United States District Court, N.D. Illinois, Eastern Division
Mar 29, 2002
No. 00 C 5772 (N.D. Ill. Mar. 29, 2002)

Opinion

No. 00 C 5772

March 29, 2002


MEMORANDUM OPINION AND ORDER


Tyrus Brunt was convicted of murder in an Illinois state court and sentenced to 80 years. After exhausting his state remedies, he petitioned us for a writ of habeas corpus pursuant to 28 U.S.C. § 2254, alleging that he received ineffective assistance of-trial counsel and that his sentence was imposed in violation of Apprendi v. New Jersey, 530 U.S. 468 (2000). In our February 20, 2002 opinion, we denied Brunt's petition. See Brunt v. Walls, No. 00-C-5772, 2002 WL 252754, at 3-6 (N.D.Ill. Feb. 20, 2002). Presently before us is Brunt's motion to reconsider our previous ruling or, in the alternative, to issue a certificate of appealability on both of his claims.
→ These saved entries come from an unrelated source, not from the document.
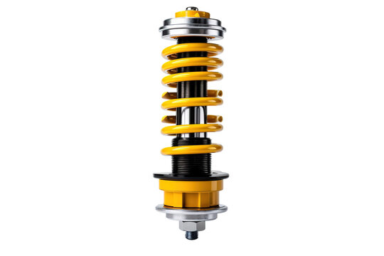 A Close-Up View of a Yellow and Silver Automotive Suspension Spring on a Clear PNG or White Background.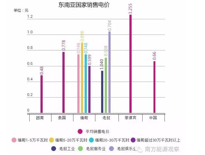 老撾的工商業(yè)電價(jià)分為三類,最高的為娛樂業(yè),為1.040元,最低的為高壓的工業(yè)0.538元,其他服務(wù)業(yè)為0.704元。菲律賓的電價(jià)高于其他東南亞國(guó)家,其中馬尼拉公司的平均銷售電價(jià)為1.255元(不含稅)。
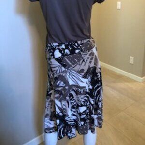 MARZ Impression Viscose Blend A-Line Abstract Pattern Midi Skirt in Black/White/Tan/Brown w Matching Belt, Elasticized Waist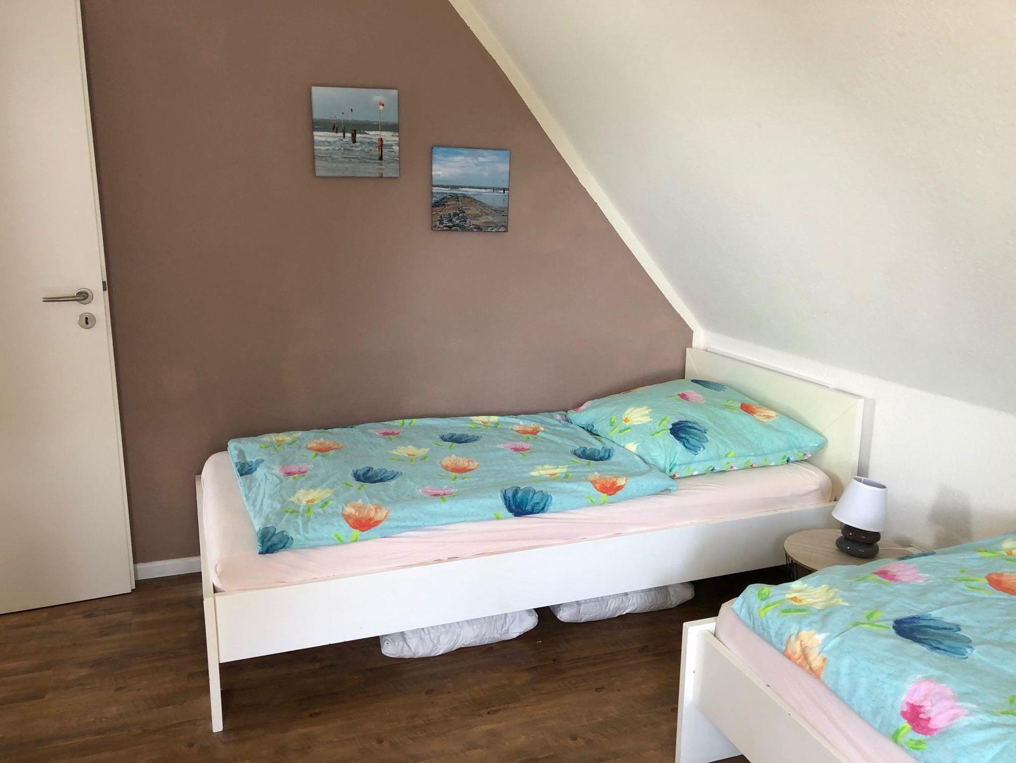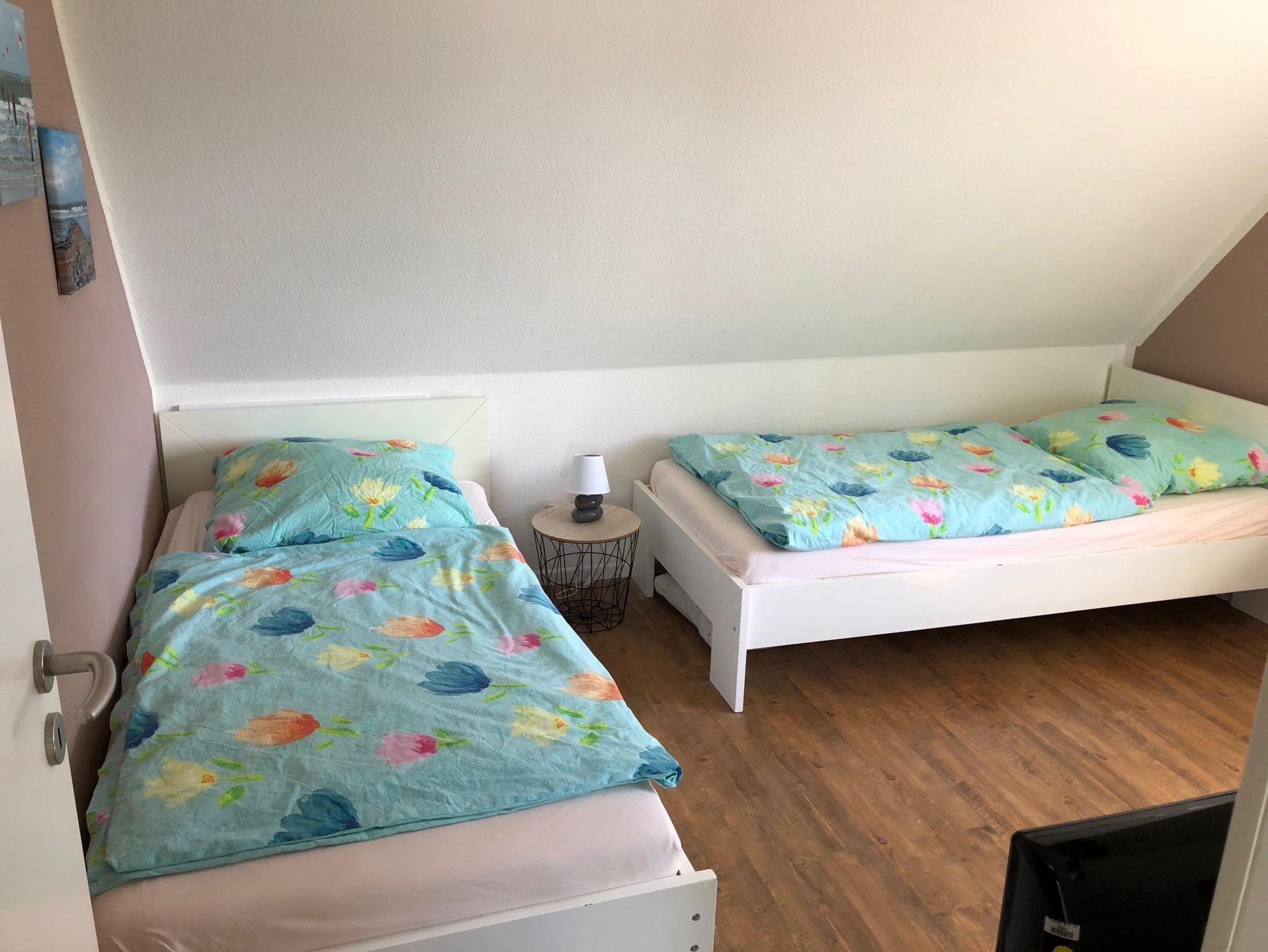 Obergeschoss: ein Schlafzimmer mit Doppelbett (180 x 200 cm - Einzelmatratzen) und Fernseher, ein Schlafzimmer mit 2 Einzelbetten (90 x 190 cm)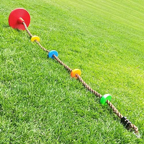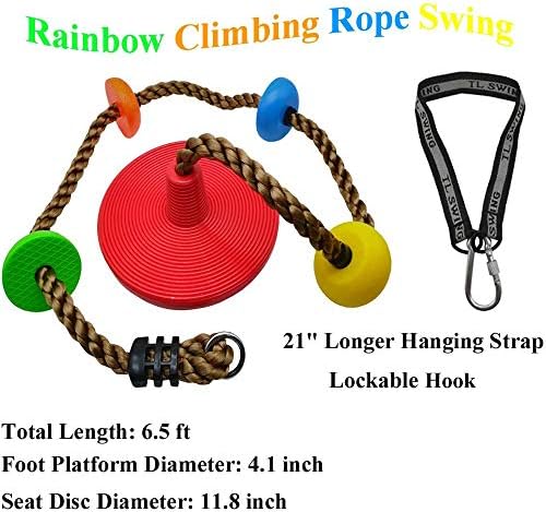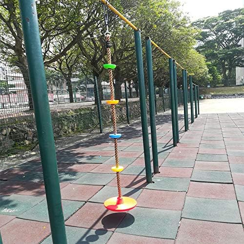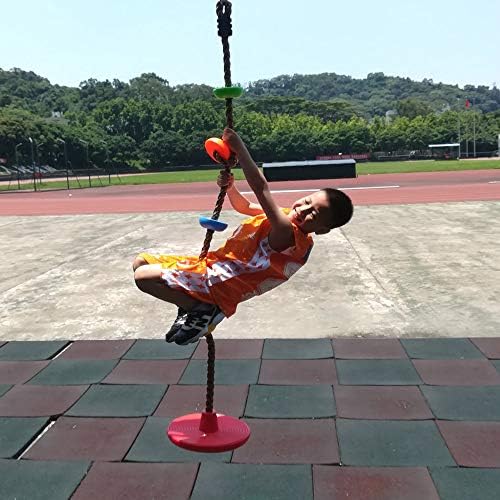 ▶[DURABLE] Adopt Heavy Duty Material, Made of 1″ Diameter Strong But Soft Rope, 4 Pcs 4.1″ Diameter Colorful Foot Holder Platforms, And a 11.8″ Diameter Durable Disc Swing Seat,Total 6.5ft Height. Durable Design and 220lb Weight Capacity, Ensure This Kid Climbing Rope Swing Will Keep Hours of Fun and Last for Years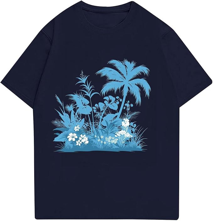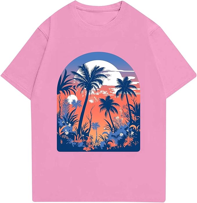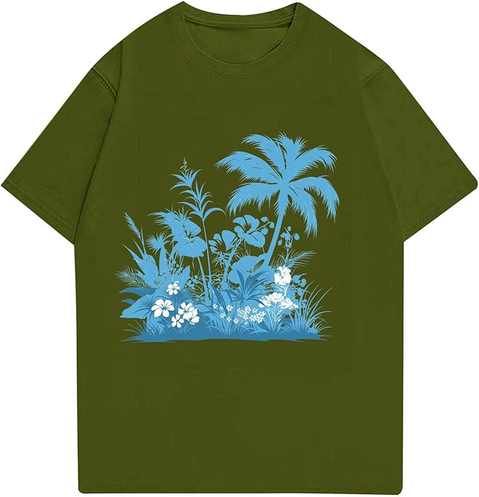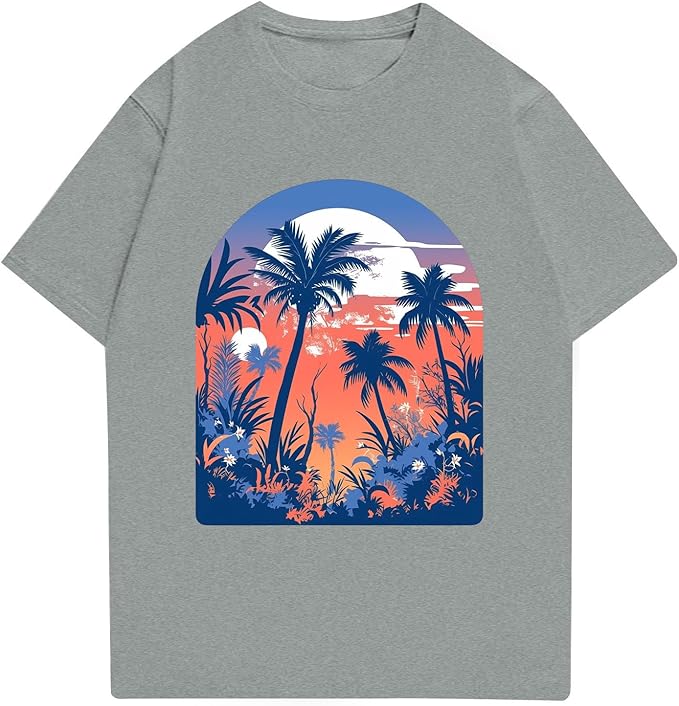 WENKOMG1 Graphic Tees for Men Plam Trees Printed Short Sleeve Pullovers Summer Casual Round Neck Tshirt Shirts

For the foregoing reasons, we deny the motion for reconsideration, but we grant a certificate of appealability on the issue of whether he was denied ineffective assistance of counsel.

BACKGROUND

On July 22, 1994, Brunt was convicted in the Cook County Circuit Court of first degree murder. He is currently sewing an 80-year sentence in the Menard Correctional Center. On direct appeal, Brunt alleged that improper comments made by the prosecutor during closing arguments at his trial constituted blatant misconduct and violated his right to a fair trial. The Illinois Appellate Court, however, affirmed Brunts conviction and sentence on February 18, 1997, and the Illinois Supreme Court denied Brunt leave to appeal the appellate courts decision on June 4, 1997.

Brunt filed a pro se petition for post-conviction relief with the Circuit Court of Cook County on November 10, 1997, alleging that his trial counsel was ineffective for failing to contact alibi witnesses and for failing to investigate facts that would have discredited the testimony of state witnesses who identified him as one of the perpetrators. The circuit court dismissed Brunts post-conviction petition as frivolous and patently without merit on December 31, 1997, and the Illinois Appellate Court affirmed this decision. See People v. Brunt, No. 1-98-4314, slip op. (Ill.App. Ct March 31, 2000). On October 4, 2000, the Illinois Supreme Court denied Brunt's motion for leave to appeal the dismissal of his post-conviction petition.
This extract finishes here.